To increase the accuracy of the results, Nuhfer (2015) recommends performing a question by question comparison of KS responses, rather than taking the mean for each student. We felt it fell outside the scope of this study, as we were interested in the overall effect of all the measures implemented (rubrics, assignments, WI and feedback). However, the responses to the KS have also been analyzed by section -these have been reported in (Lopez-Ozieblo, 2021).

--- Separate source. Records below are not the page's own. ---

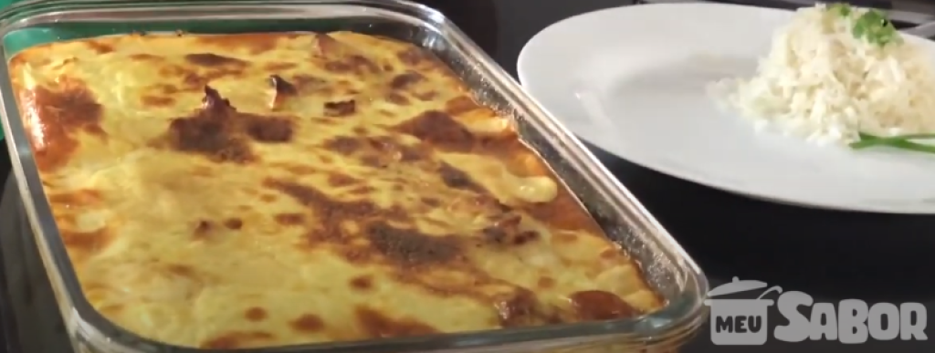 - Cubra com papel alumínio e leve ao forno aquecido por 15 minutos, retire o papel alumínio e deixe por mais 20 minutos ou até dourar.
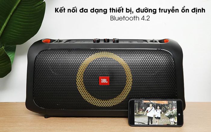 Loa Bluetooth JBL Partybox On the Go với đèn LED nhấp nháy theo nhịp nhạc, tạo không khí hứng thú. Kết nối mượt mà qua Bluetooth 4.2.
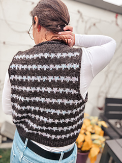 You begin with the back piece. After shaping the shoulders using short rows, work in rows until the increases for the armholes are complete. Then place the stitches on hold. Next, pick up stitches along the cast-on edge of the back piece to work the front pieces one at a time. Shape the neckline with increases, and work in rows until the armhole increases are complete. When all pieces are ready, join them together with the new cast on stitches and continue working the body in rows. Continue the neckline increases for a few more rows. The body of the vest is finished in rows. Finally, pick up stitches along the armhole edges and along the front bands of the vest to finish the edges neatly.
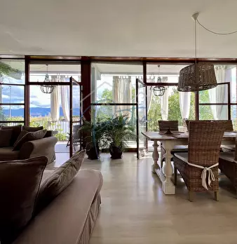 Bocca di Magra, vista fiume, in piccolo stabile bifamiliare e al piano primo e ultimo, affittiamo per un periodo transitorio (max 18 mesi), appartamento libero sui quattro lati di circa 80 mq oltre a comodo terrazzo. L'immobile internamente è c...
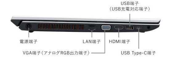 新規格のインターフェイスに加え、ビジネスの現場で使われる旧規格のインターフェイスもサポート。4K出力対応のHDMI端子、VGA端子(アナログRGB出力端子)、有線LAN端子のほか、USB Type-C端子、3つのフルサイズUSB端子、SDメモリーカードスロットなどを搭載しています。
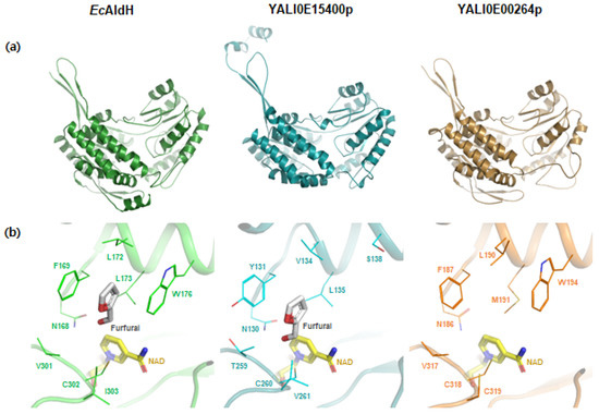 Monomeric structure (a) and docking simulation (b) of EcAldH and endogenous ALDHs. Model structure and docking simulation of EcAldH (left), YALI0E15400p (middle), and YALI0E00264p (right). The core residues forming a substrate-binding pocket are shown as a line model and labeled appropriately. The furfural and NAD ligands are shown as stick models with grey and yellow colors, respectively.
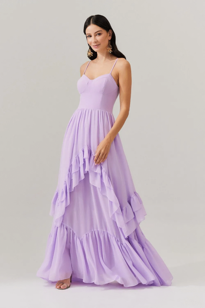 A modelo está usando o Vestido Longo com Decote Coração e Babados Assimétricos – Bélgica

We found an increase in confidence in four out of the five areas: ‘Demonstrating knowledge of the topic you are writing about’, ‘Language use’, ‘Evaluating knowledge and your research’ and ‘Understanding the assessment criteria’. Students still seemed to struggle with ‘Structuring the text’, as reported above.

3.2. Assignment Grades: 2018 versus 2017 results

In 2018, the final assignments were evaluated following the rubrics available in https://englishpolyu.wixsite.com/renialopez/academic-writing. The 2017 assignments had been evaluated following less detailed rubrics, although covering the same evaluating criteria. In 2017 there had been 61 students but only 59 final assignments were graded (the others there were found to contain plagiarized extracts and were not graded). In 2018 there were 29 final assignments submitted.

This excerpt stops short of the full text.